- Flag Emblem
- Akigawa Location in Japan
- Coordinates: 35°43′44″N 139°17′39″E﻿ / ﻿35.72889°N 139.29417°E
- Country: Japan
- Region: Kantō region
- Prefecture: Tokyo Metropolis
- District: Nishitama District,
- Merged: September 1, 1995 (now part of Akiruno, Tokyo)

Area
- • Total: 22.44 km^{2} (8.66 sq mi)

Population (September 1, 1995)
- • Total: 56,654
- • Density: 2,435/km^{2} (6,310/sq mi)
- Time zone: UTC+09:00 (JST)

= Akigawa, Tokyo =

 Akigawa (秋川市, Akigawa-shi) was a city located in the western portion of Tokyo Metropolis, Japan.

On April 1, 1889, the villages of Higashiakiru, Nishiakiru, Kusabana, Sugao, Sedooka and Harakomiya were established within Nishitama District, then a portion of Kanagawa Prefecture. The entire district was transferred to the administrative control of Tokyo Metropolis on April 1, 1893. On April 1, 1921, Kusabana, Sugao, Sedooka and Harakomiya merged to form Tasai Village and on April 1, 1955, Higashiakiru, Nishiakiru and Tasai merged to form Akita Town.
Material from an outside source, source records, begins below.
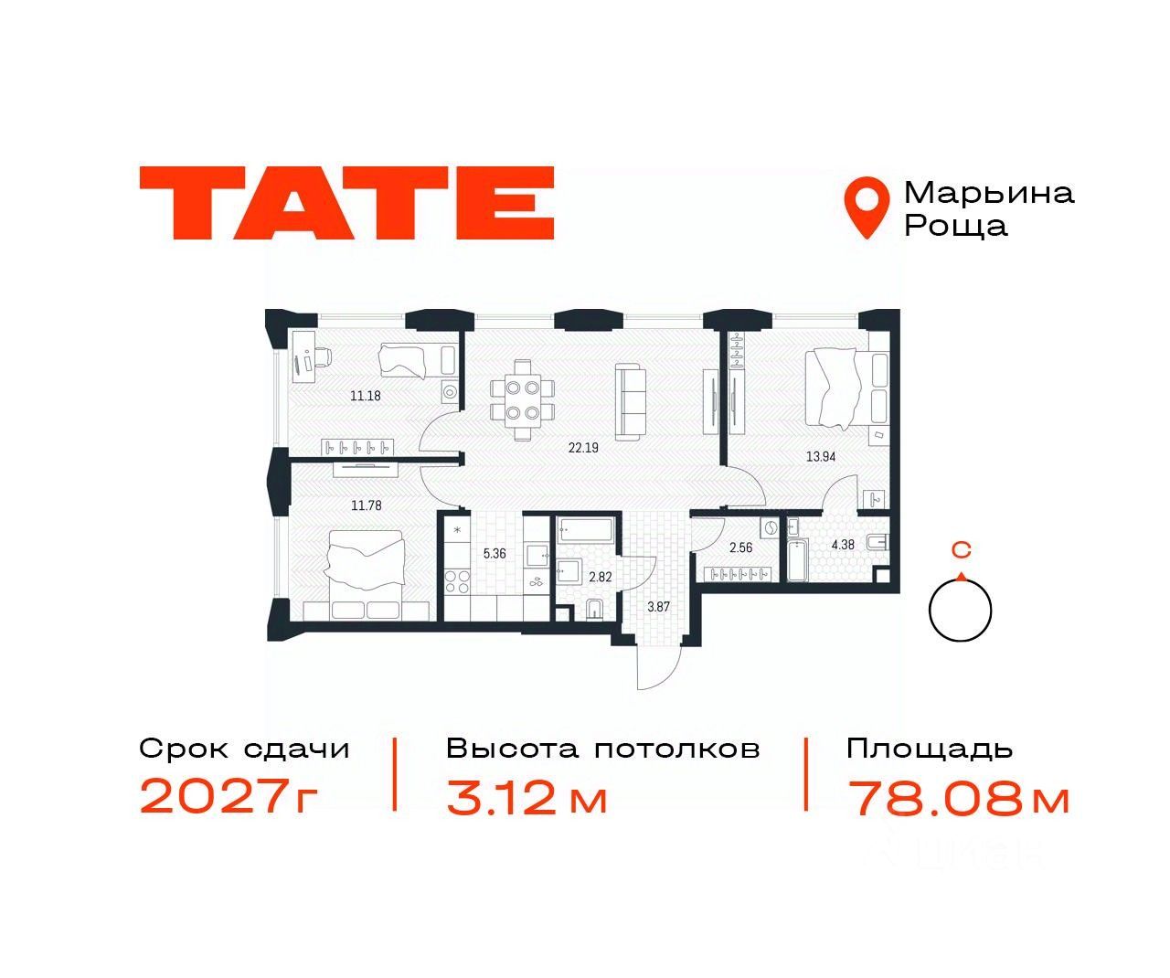 Продается 3-комнатная квартира от застройщика в ЖК премиум-класса TATE на 29 этаже. Общая площадь 78,08 м². Отделка предчистовая (white box). 2 санузла. Вид из окна на Тимирязевский парк, Парк Останкино/ВДНХ. Угловое остекление. Мастер-спальня. Гардеробная. Башня A.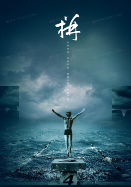 蓝色科技风企业文狼性奋进拼搏海报背景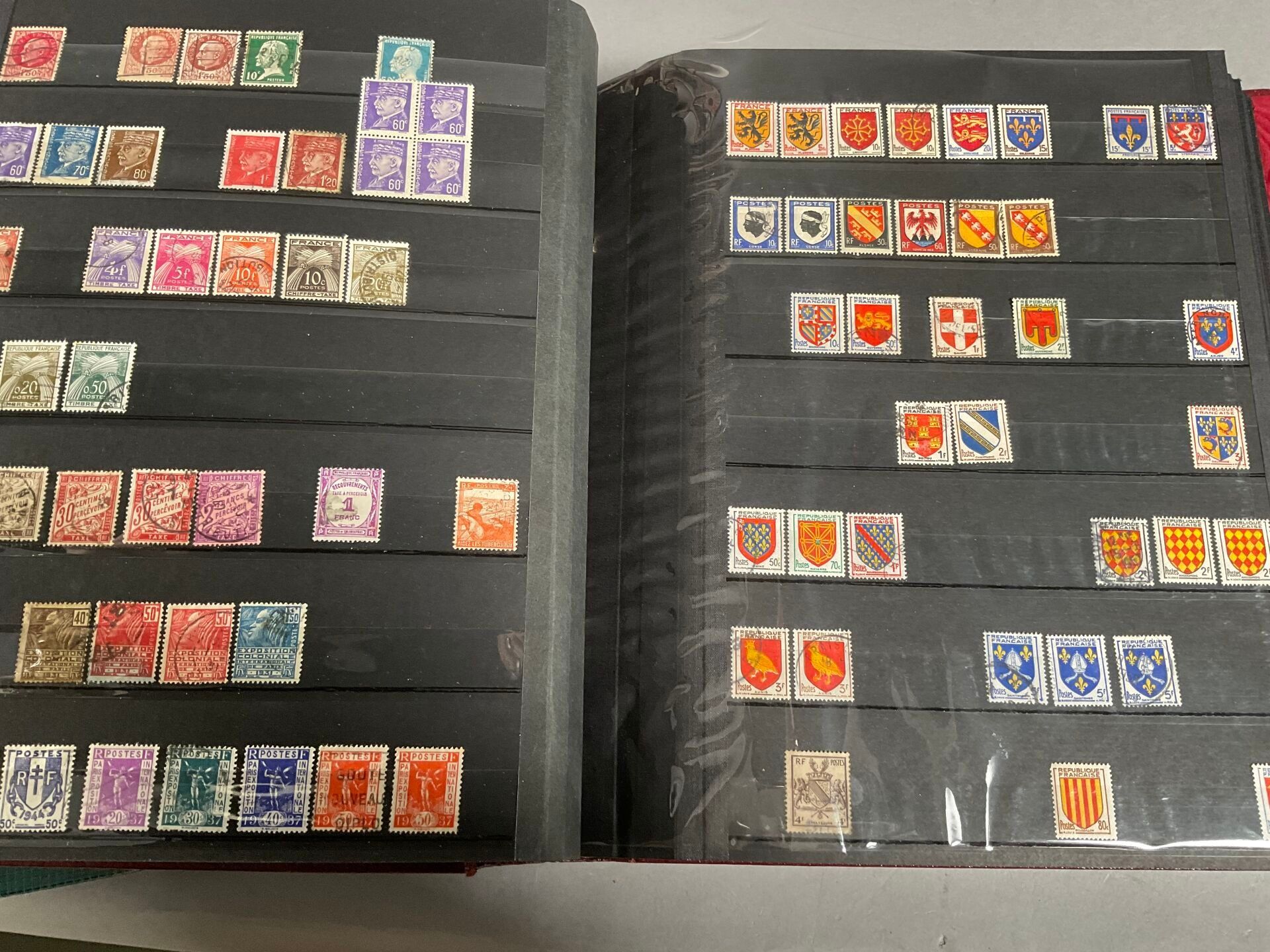 Set of 4 albums and one box of stamps, some mint, including …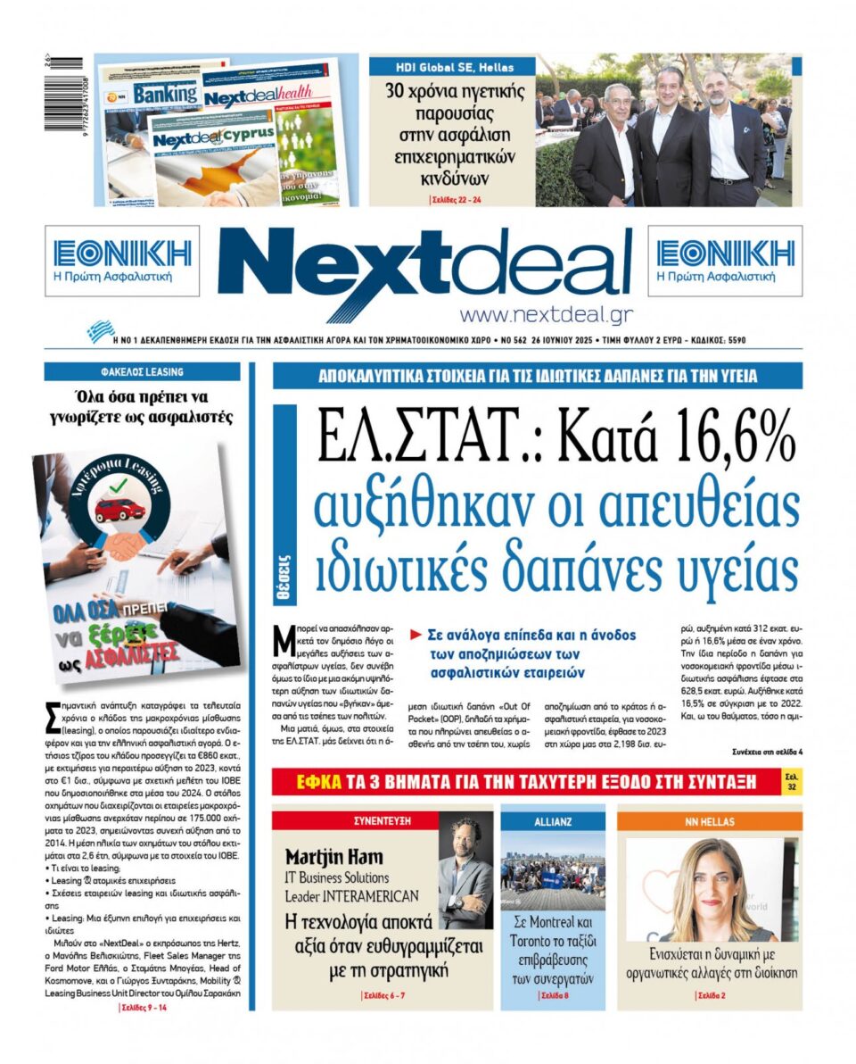 Με πρώτο θέμα τις ιδιωτικές δαπάνες υγείας στη χώρα, ένα μεγάλο αφιέρωμα στο leasing και τρία ένθετα το NextDeal health, το Bancassurance & Banking και το NextDeal Cyprus κυκλοφορεί σήμερα στα περίπτερα όλης της χώρας η εφημερίδα NextDeal.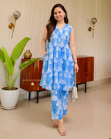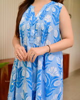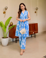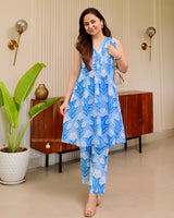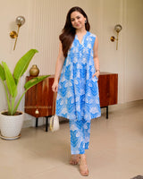 Shades of Blue Floral Pintex Premium Cotton Co-ord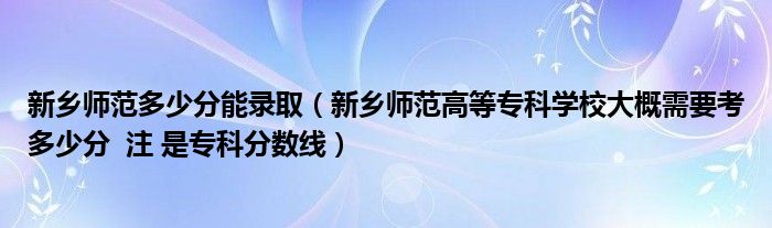 新鄉(xiāng)師范多少分能錄?。ㄐ锣l(xiāng)師范高等??茖W(xué)校大概需要考多少分 注 是專科分?jǐn)?shù)線)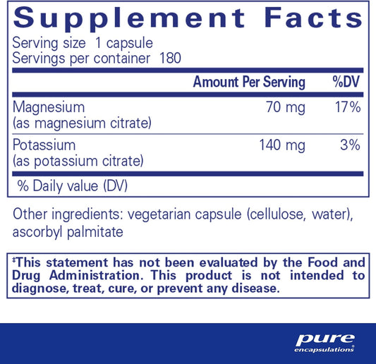 Potassium Magnesium Citrate Capsules for Heart Health and Bone Strength - Optimal Absorption - 180 Count - Gluten Free & Non-GMO

Akita was elevated to city status on May 5, 1972, at which time it renamed itself Akigawa City.

In 1995, the town of Itsukaichi merged with Akigawa to form the new city of Akiruno, and thus no longer exists as an independent municipality.

At the time of its merger, the city had an estimated population of 54,654 and a density of 2,435 persons per km^{2}. The total area was 22.44 km^{2}.